Since the records include pictures, leave those out while you reproduce exactly and only the lines from the one containing "Dondolina to nowoczesna" through the one containing "Baby trying to", inclusive.

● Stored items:
'''

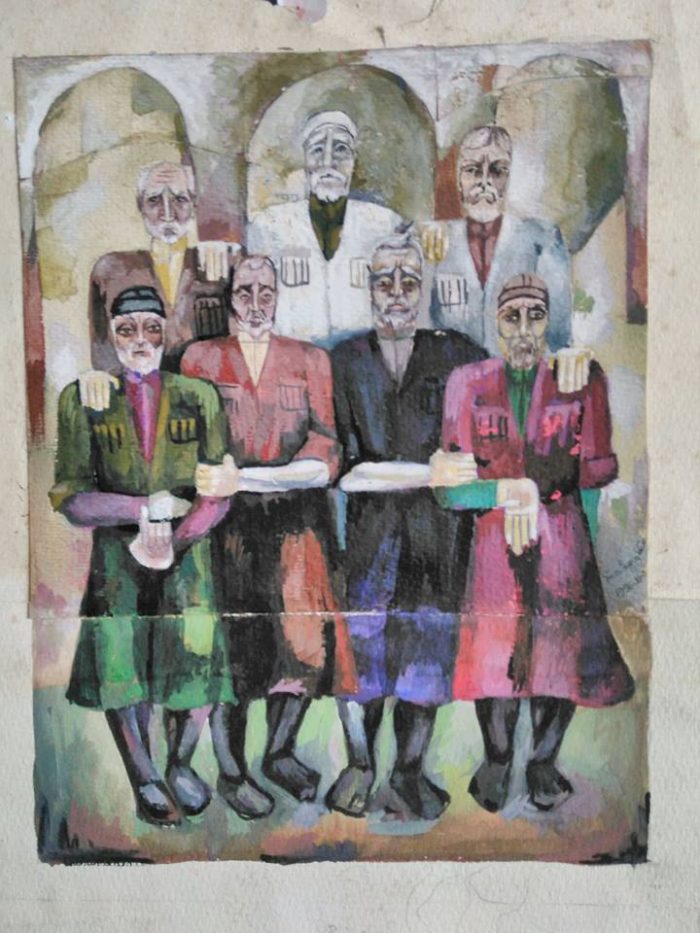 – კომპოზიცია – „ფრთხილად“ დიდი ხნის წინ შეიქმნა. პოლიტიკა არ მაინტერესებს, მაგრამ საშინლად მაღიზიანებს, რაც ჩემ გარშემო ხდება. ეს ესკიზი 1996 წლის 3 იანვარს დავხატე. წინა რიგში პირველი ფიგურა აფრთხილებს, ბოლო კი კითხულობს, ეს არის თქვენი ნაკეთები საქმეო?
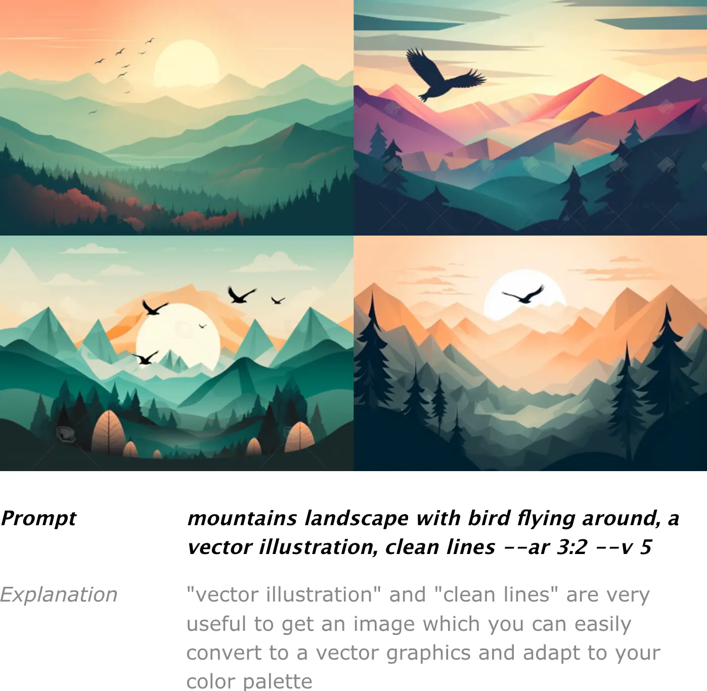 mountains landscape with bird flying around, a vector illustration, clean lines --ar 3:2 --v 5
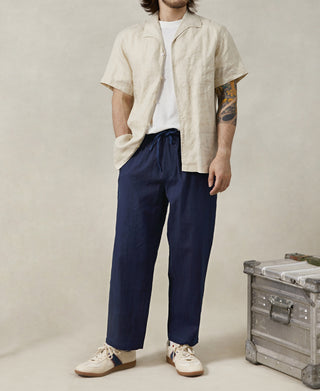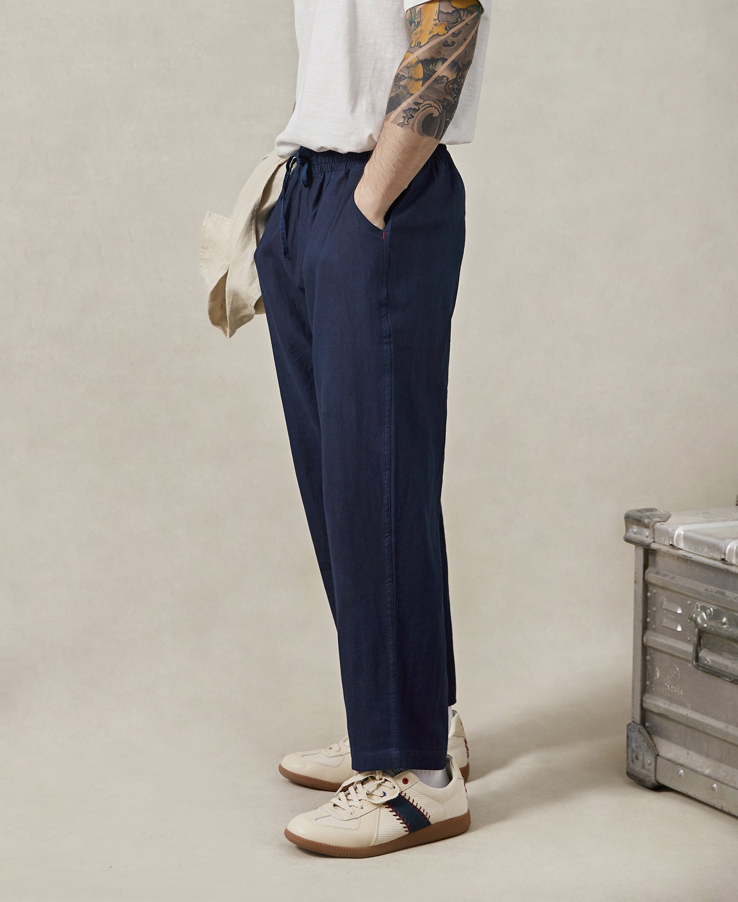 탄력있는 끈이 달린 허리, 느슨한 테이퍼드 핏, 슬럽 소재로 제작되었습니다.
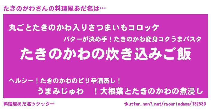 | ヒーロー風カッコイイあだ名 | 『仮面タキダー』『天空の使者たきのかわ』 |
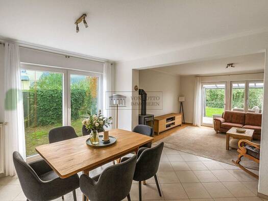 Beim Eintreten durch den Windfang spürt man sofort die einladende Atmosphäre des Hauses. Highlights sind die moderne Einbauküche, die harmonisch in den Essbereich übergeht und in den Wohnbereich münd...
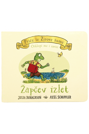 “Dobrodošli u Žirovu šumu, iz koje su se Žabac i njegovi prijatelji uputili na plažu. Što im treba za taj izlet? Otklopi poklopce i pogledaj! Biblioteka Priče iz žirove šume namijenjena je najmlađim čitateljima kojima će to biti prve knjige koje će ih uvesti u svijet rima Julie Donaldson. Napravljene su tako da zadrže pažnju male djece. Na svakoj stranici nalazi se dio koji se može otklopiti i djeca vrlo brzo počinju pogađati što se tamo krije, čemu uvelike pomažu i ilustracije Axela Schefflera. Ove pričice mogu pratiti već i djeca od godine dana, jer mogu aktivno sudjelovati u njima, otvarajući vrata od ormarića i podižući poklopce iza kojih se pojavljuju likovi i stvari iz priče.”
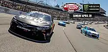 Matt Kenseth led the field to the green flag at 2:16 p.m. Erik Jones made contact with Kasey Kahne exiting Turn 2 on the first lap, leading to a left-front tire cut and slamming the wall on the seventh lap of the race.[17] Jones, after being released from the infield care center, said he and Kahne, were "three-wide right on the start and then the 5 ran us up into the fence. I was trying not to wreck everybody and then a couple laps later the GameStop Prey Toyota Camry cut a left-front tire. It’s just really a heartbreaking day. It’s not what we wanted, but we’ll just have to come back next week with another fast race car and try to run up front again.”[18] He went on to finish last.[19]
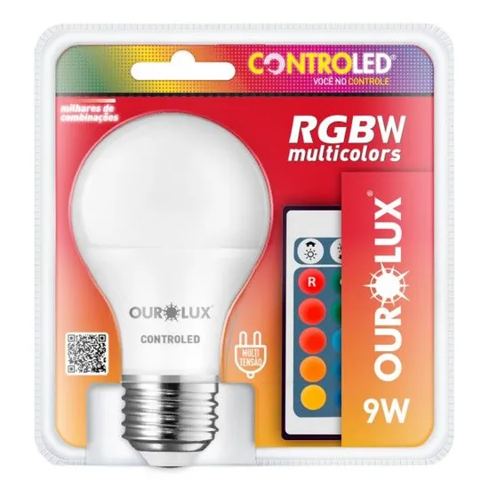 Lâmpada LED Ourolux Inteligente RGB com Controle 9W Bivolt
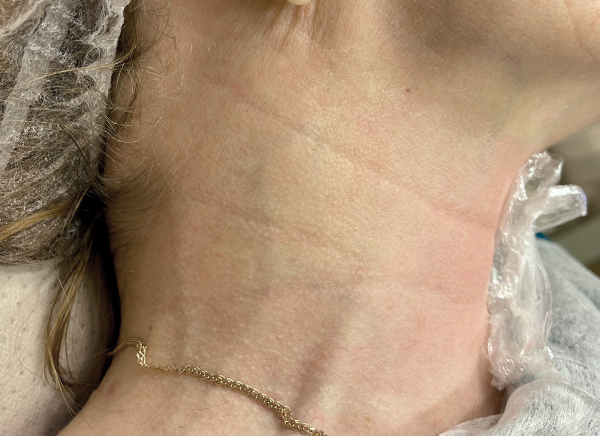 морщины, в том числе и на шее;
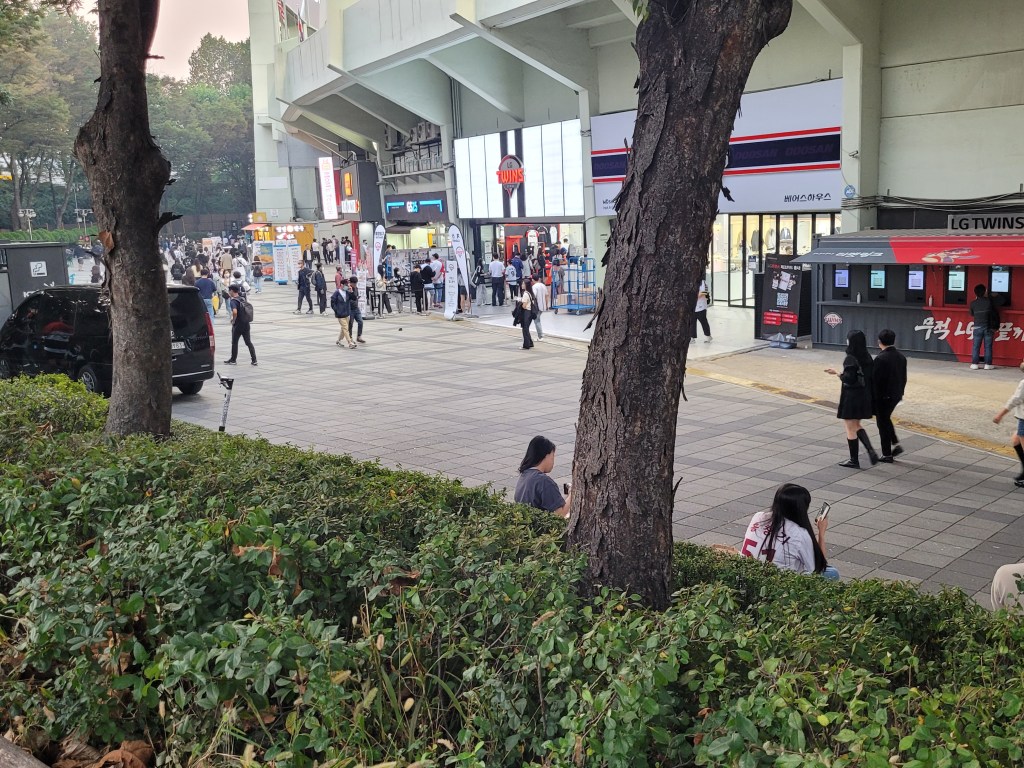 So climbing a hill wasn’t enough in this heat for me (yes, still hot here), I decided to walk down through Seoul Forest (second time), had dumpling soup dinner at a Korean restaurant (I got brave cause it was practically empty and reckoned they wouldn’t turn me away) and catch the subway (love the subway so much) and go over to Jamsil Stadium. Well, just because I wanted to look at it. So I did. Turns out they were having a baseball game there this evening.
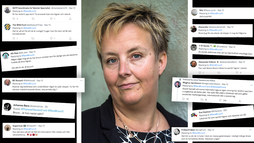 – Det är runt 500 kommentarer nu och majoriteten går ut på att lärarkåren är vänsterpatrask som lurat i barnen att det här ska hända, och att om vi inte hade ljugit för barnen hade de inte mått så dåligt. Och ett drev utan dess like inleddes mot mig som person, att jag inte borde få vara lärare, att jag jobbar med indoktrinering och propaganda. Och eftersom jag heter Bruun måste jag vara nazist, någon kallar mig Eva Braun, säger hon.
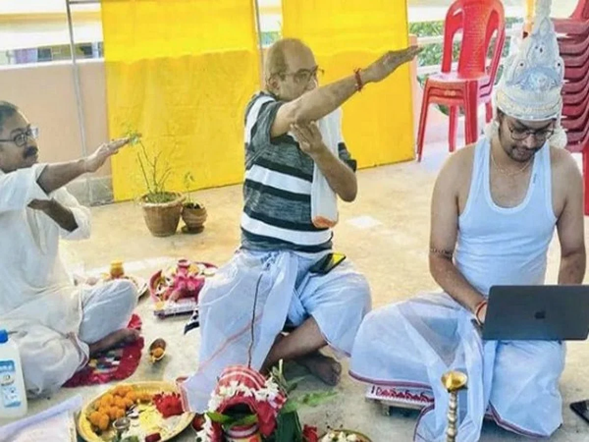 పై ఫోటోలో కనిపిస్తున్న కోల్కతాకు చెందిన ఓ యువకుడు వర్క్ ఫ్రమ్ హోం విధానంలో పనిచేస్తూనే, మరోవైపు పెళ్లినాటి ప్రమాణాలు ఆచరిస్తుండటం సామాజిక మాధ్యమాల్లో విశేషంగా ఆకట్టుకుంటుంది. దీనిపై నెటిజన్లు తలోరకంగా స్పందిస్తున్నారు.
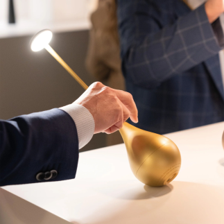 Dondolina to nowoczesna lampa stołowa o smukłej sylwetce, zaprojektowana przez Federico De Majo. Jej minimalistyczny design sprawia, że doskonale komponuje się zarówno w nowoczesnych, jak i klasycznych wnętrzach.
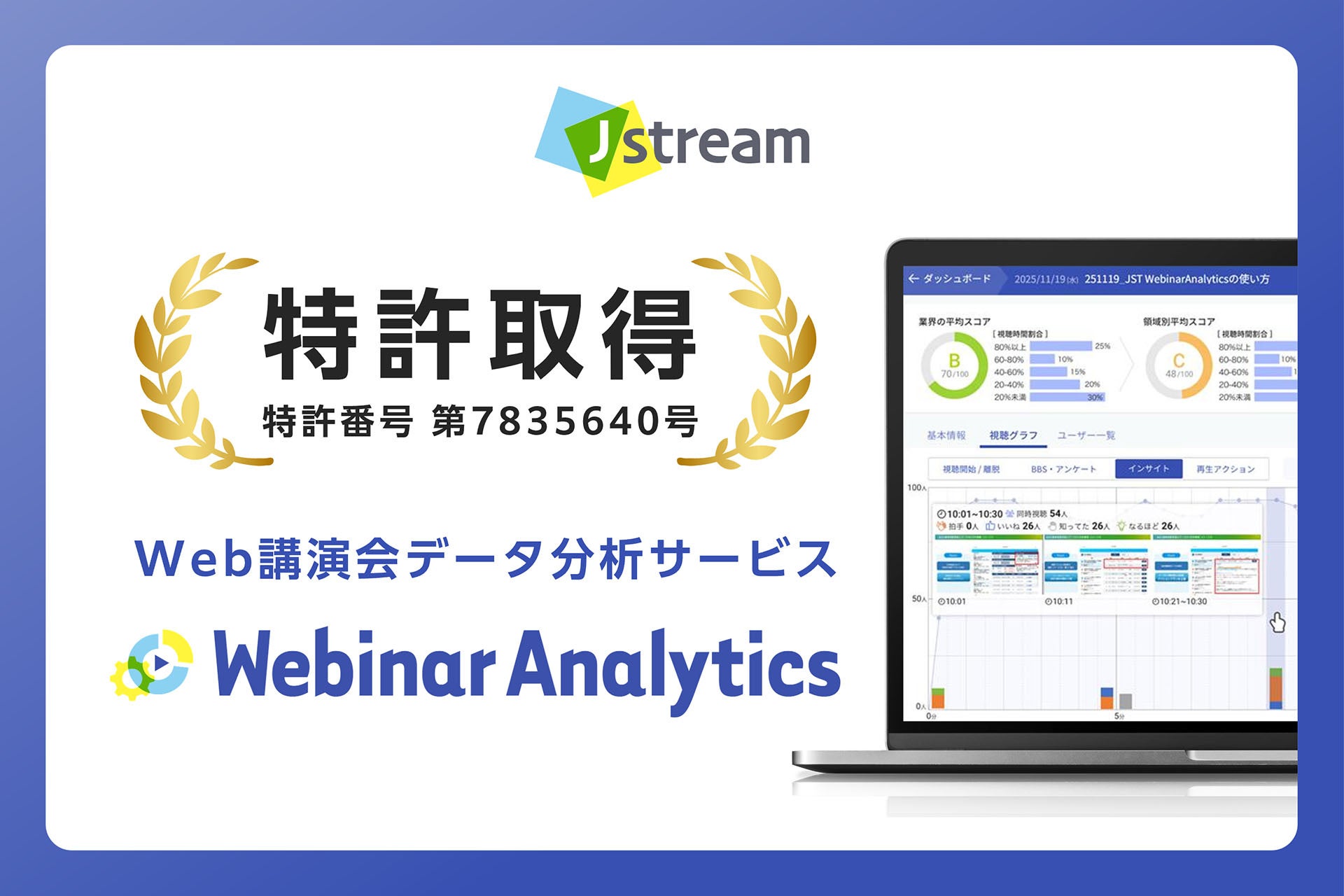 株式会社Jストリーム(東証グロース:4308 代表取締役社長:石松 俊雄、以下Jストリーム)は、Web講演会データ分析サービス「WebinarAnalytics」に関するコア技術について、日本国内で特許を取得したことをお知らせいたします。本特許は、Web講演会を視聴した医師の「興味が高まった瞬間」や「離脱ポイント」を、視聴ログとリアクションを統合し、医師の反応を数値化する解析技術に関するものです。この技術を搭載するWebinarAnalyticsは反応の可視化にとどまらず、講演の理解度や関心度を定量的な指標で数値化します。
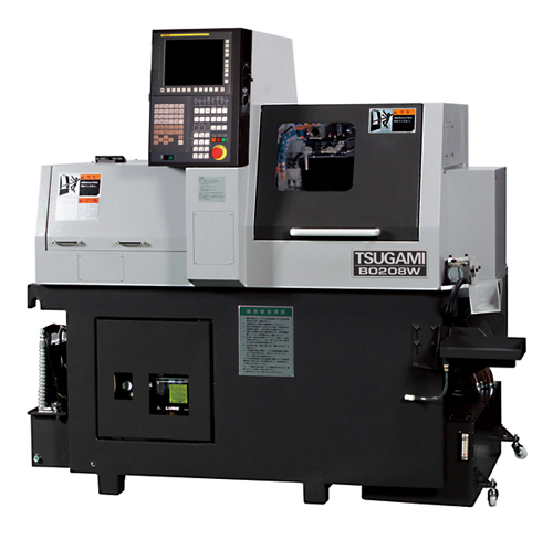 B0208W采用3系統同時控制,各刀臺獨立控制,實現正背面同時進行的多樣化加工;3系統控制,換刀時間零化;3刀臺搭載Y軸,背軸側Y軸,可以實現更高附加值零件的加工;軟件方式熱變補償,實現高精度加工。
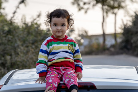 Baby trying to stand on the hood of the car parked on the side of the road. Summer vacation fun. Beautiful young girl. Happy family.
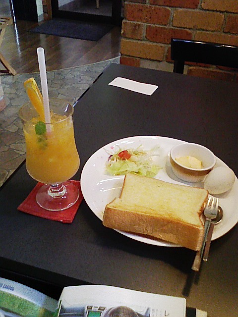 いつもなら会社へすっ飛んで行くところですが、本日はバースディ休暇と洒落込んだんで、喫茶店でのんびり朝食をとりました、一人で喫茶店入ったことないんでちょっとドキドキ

'''

● Written response:
 Dondolina to nowoczesna lampa stołowa o smukłej sylwetce, zaprojektowana przez Federico De Majo. Jej minimalistyczny design sprawia, że doskonale komponuje się zarówno w nowoczesnych, jak i klasycznych wnętrzach.
 株式会社Jストリーム(東証グロース:4308 代表取締役社長:石松 俊雄、以下Jストリーム)は、Web講演会データ分析サービス「WebinarAnalytics」に関するコア技術について、日本国内で特許を取得したことをお知らせいたします。本特許は、Web講演会を視聴した医師の「興味が高まった瞬間」や「離脱ポイント」を、視聴ログとリアクションを統合し、医師の反応を数値化する解析技術に関するものです。この技術を搭載するWebinarAnalyticsは反応の可視化にとどまらず、講演の理解度や関心度を定量的な指標で数値化します。
 B0208W采用3系統同時控制,各刀臺獨立控制,實現正背面同時進行的多樣化加工;3系統控制,換刀時間零化;3刀臺搭載Y軸,背軸側Y軸,可以實現更高附加值零件的加工;軟件方式熱變補償,實現高精度加工。
 Baby trying to stand on the hood of the car parked on the side of the road. Summer vacation fun. Beautiful young girl. Happy family.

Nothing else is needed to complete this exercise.